Ксаныч долго благодарил инспектора и Фому Парфентьевича. Охотнику он оставил оленью ногу. Тот с достоинством принял ее, подвесил в сенях на крючке. Сказал:

— Эти медведя отгонят.

У самолета командир пожал Ксанычу руку:

— Раз тебя собаки любят, ты хороший человек! Милости прошу!

Так Ксаныч оказался на острове. Жил на полярной станции, снял много интересных кадров, услышал огромное количество захватывающих историй, но ему не давали покоя мысли о питомцах. Теперь наконец-то они все вместе.

— А где остальные? В городе? — спросил он.

— Наверное, — Эдька отвел глаза.

— Как это — наверное? — насторожился Ксаныч. — Что ты имеешь в виду?

— Ничего я не имею, — спохватился тот. — Просто поехали на разные съемки.

И тут же постарался перевести разговор на другую тему.

— Откуда у вас удостоверение «Пионерки»? Вы нам ничего не говорили.

— Потому что раньше его у меня не было, — ответил Ксаныч.

— А я подумал, что вы нарочно так сказали, — подал голос Василек. — И тут Елисеев… Ну, думаю…

— Ну, думаешь, попался ваш руководитель, — подхватил Ксаныч. — Вот сейчас краснеть будет. А? Так подумал?

— Н-нет… — смутился Василек.

— Разве ты забыл, что я учил вас не врать, — Ксаныч нахмурился. — Врут, обманывают только слабые, неуверенные в себе, трусливые люди. Ведь ложь — это та же трусость.

Ребята потупились. Они искоса посмотрели: где Миша? Только бы он не слышал, не видел их позора. Ведь Ксаныч явно намекал на их бегство…

К счастью, Миша стоял далеко — у блистера.

— Я вижу, что вы и сейчас что-то скрываете от меня. Ну, будете рассказывать или закончим разговор? Кстати, чья это камера? Где наша?
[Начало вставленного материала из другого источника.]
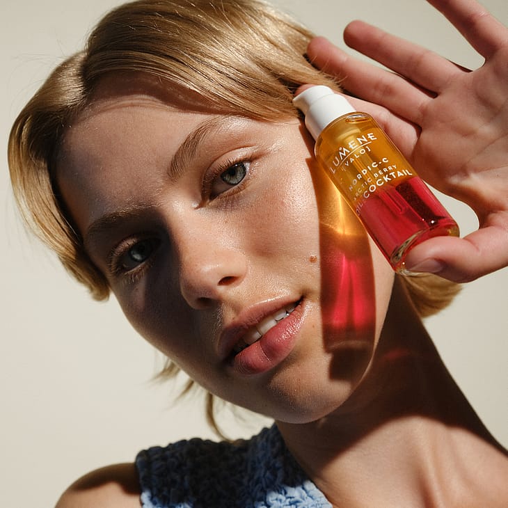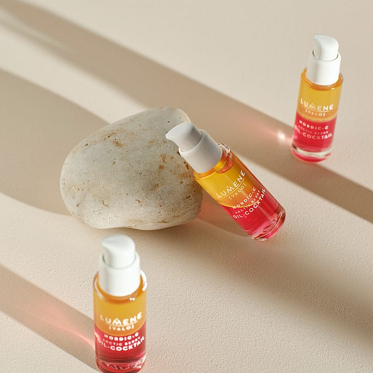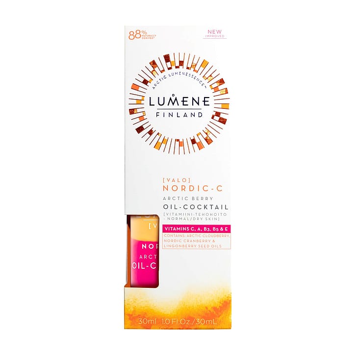 Tämä heleyttävä ja virkistävä kaksiosainen monivitamiinitehohoito sisältää kallisarvoisia pohjoisen marjoja: lakkaa, karpaloa ja puolukkaa. Ne sisältävät runsaasti C-, B3-, B5- ja E-vitamiineja, A-vitamiinin esiastetta, antioksidantteja ja tärkeitä omega-rasvahappoja, jotka auttavat elvyttämään ja tasoittamaan kuivintakin ihoa ja auttavat palauttamaan sen nuorekkaan hehkun. 100 % vegaaninen. Valmistettu Suomessa.

Эдька и Василек переглянулись, синхронно вздохнули и стали рассказывать о том, как исчезли Ленька и Светка, о лейтенанте Гусятникове, о размолвке с Дрововозом.

А на столике под руками капитана Елисеева расцветала карта. Причудливые коричневые, зеленые и синие разводы переплелись, образуя диковинные узоры. Эдька подвел Ксаныча к карте и, «вводя в курс дела», сыплет бойкой скороговоркой:

— Здесь паковый лед, тяжелый, десять баллов, а вот пошли поля, дальше лед ломаный, торосы… потом разводья, слабый лед. Отдельные стамухи.

— Которые интенсивно вытаивают, — радостно добавляет Василек.

Самолет делает разворот, идет над проливом Лонга. Прямо по курсу во льдах показались темные пятнышки.

— Караван! — капитан Елисеев сунул голову в блистер. — Ледокол «Ермак» ведет.

Он прикладывает к голове наушники, слушает, потом говорит:

— Он нас приветствует!

— Кто? — не понял Василек.

— Ледокол. Просит дать рекомендацию по курсу. — Он поднес микрофон ко рту и зарокотал: — «Ермак», «Ермак», я борт 04175. Подворачивайте левее на ветер, ветер юго-западный, от берега гонит лед, там льды реже, выйдете на прогалину… Счастливого пути!

Хвост самолета накрывает пятнышки.

— Показался остров! — крикнул командир. — Приготовиться к бомбометанию.

Ребята насторожились. Бомбометание? Они не сводили глаз с бортмеханика. А тот молниеносно обвязал бечевкой какой-то плотный серый тючок и встал у дверцы люка.

Прямо по курсу ребята тоже увидели остров: пятачок суши словно поднялся из моря на рыжих скалах. Посреди пятачка — домик-коробок с антенной на крыше. У железной бочки на берегу суетятся пять темных фигурок.

Торопов открыл дверь и швырнул тючок вниз. Кувыркаясь, он полетел прямо на бочку. Сейчас взрыв… Но тючок ударился о землю возле бочки, подпрыгнул, и к нему бросились темные фигурки. Внизу снова забелели льды.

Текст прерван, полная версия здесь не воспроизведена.